I read the first two pages of 狐狸的窗户 (Húlí de chuānghù) = The Fox's Window (douban.com) on my Kindle, and encountered several 4-character phrases:
- 异口同声 (yì kǒu tóng shēng) = all with one voice (Baidu Baike; Chinese Tools)
- 精神恍惚 (jīng shén huǎng hū) = absent-minded (Baidu Baike; Chinese Tools)
- 胡思乱想 (hú sī luàn xiǎng) = go off into wild flights of fancy (Baidu Baike; Chinese Tools)
- 亮得刺眼 (liàng dé cìyǎn) = shine glaringly
- 一片一眼 (yīpiàn yīyǎn) = a glance at
- 望而生畏 (wàng ér shēng wèi) = be terrified by the sight of sth. or sb. (Baidu Baike; Chinese Tools)
- 心旷神怡 (xīn kuàng shén yí) = relaxed and happy (Baidu Baike; Chinese Tools)
- 擦去汗水 (cā qù hànshuǐ) = wipe the sweat
Some of these should be considered chengyu (成语, chéngyǔ), but others look like they just happen to have four characters.
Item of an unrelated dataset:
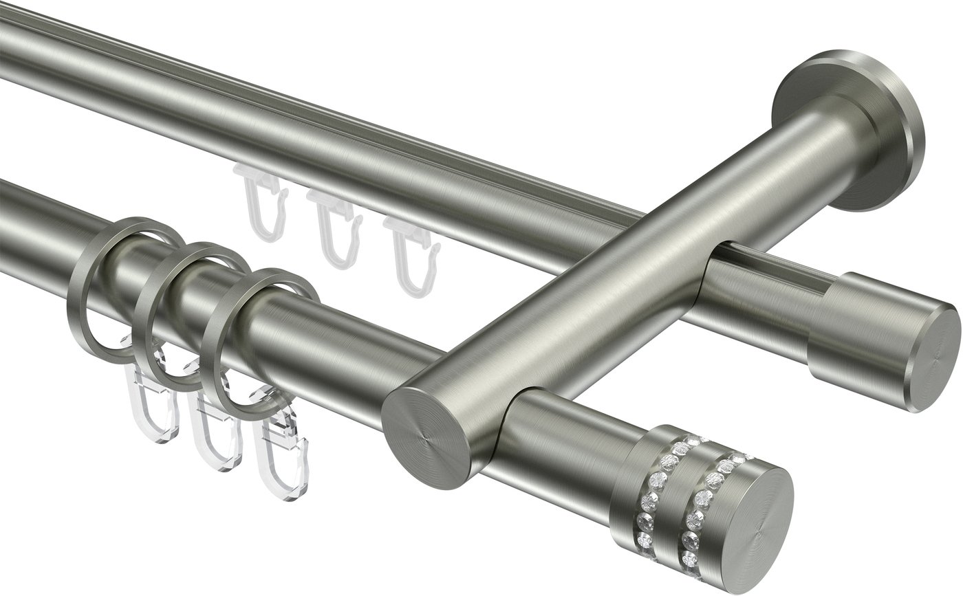 Rundrohr-Innenlauf Gardinenstangen aus Edelstahl-Optik in 20 mm Ø, 2-läufig, Modell PLATON - Estana

I'm wondering if there's a way of deciding which are chengyu and which are not.
Question: What's distinguishes a chengyu (Chinese idiom) from a 4-character expression?
It's possible this question is related to Are there any chengyu or xiehouyu that only mean their literal meaning? Maybe if it has a figurative meaning, then it's a chengyu, and otherwise not.